Stock vs Broth
For someone interested in knowing which is which in the culinary word, this article can help by showing the difference between stock and broth. Let us have a look at the definition given by the Oxford dictionary for both words. Stock is a liquid made by cooking bones, meat, fish, or vegetables slowly in water, used as a base for the preparation of soup, gravy, or sauces; Broth is a soup consisting of meat or vegetables cooked in stock, sometimes thickened with barley or other cereals. The two words stock and broth might appear similar in the sense, but they have some differences between them. The difference between stock and broth can be attributed to the factor of discerning palates. Broth is only used as a noun. Stock is used as a noun, verb and also as an adjective.
What is Stock?
The main ingredient of stock is the animal bones in food items such as beef, chicken and fish. Stock involves gradual heating over a low flame for several hours. The heating process in the case of stock should ensure that the water used is not boiled. Stock is preferred as a base for several soups and sauces. Stock is not subdued in its making. Stock is characterized by different texture. The collagen of the bones adds to the flavor of the preparation. Stock refers to the liquid that is left behind in the pot after boiling meat, fish or vegetables after straining. Chefs say that trimmings of meat, fish and vegetables can be used along with bones in the preparation of stock. Bones are used in the preparation of stock. In the making of stock, animal protein is not used. Chefs do not consider stock as a finished product. In fact, stock is used only for the making of sauce and soups.
What is Broth?
Broth, on the contrary to stock, is made mostly of meat. The cooking method of broth is also different to that of stock. Broth should be cooked in such a way that it forms a softer texture. Broth is not used as a base in the soups and sauces. Unlike stock, broth is more subdued in its making. Broth, in contrast to stock, is semi-solid and jelly in appearance and has mouth feel as well.
Broth is defined by noted chefs as the liquid that is left behind in the pot after boiling meat, fish or vegetables.

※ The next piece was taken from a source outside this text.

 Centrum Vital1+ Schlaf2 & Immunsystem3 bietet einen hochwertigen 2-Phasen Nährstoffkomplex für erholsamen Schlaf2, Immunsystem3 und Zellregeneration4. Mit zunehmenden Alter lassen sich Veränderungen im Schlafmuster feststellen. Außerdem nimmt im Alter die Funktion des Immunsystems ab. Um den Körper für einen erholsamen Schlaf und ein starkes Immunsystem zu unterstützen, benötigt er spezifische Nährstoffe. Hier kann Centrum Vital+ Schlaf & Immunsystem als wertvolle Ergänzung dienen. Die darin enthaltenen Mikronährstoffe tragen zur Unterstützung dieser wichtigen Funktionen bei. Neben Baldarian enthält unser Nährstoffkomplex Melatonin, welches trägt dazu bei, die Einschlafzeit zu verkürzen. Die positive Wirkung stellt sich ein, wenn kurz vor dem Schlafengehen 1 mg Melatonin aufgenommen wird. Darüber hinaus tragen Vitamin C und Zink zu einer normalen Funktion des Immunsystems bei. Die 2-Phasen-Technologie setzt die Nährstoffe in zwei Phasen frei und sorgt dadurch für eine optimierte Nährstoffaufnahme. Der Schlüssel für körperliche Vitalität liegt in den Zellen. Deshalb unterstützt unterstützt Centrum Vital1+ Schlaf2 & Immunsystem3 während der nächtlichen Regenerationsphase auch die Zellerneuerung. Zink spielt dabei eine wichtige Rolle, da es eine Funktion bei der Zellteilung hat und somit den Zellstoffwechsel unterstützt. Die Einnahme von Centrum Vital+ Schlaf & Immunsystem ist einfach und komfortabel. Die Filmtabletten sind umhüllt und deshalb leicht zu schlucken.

It can also be a combination of fish and vegetables or meat and vegetables for that matter. While stock uses bones, bones are not usually used in the preparation of broth. Only meat is used in the preparation of broth. Animal protein is used mostly in the preparation of broth. Chefs consider broth as a finished product.
What is the difference between Stock and Broth?

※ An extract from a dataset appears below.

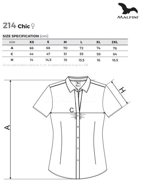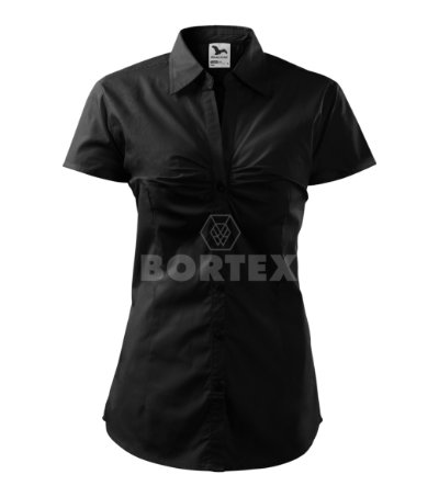 Dámska košeľa s krátkym rukávom z veľmi jemného a príjemného materiálu. Košeľa je tvarovaná pásovými záševkami s jednoduchým sedlom. Pre zvýraznenie dámskej siluety a atraktívnejší vzhľad je oblasť hrudníka vyzdobená riasením. Dvojitý košeľový golier s rozhalenkou, predný okraj začistený légou, tvarovaný dolný okraj. Zapínanie na gombíky, gombíky sú vo farbe materiálu.

• Stock uses animal bones, but broth does not use animal bones. Broth is made mostly of meat.
• Stock involves gradual heating over a low flame for several hours. Broth should be cooked in such a way that it forms a softer texture.
• From the two, only stock is used as a base in the soups and sauces. It is in fact, the only use of stock.
• Chefs consider broth as a finished product. They do not consider stock as a finished product.
These are the main differences between stock and broth.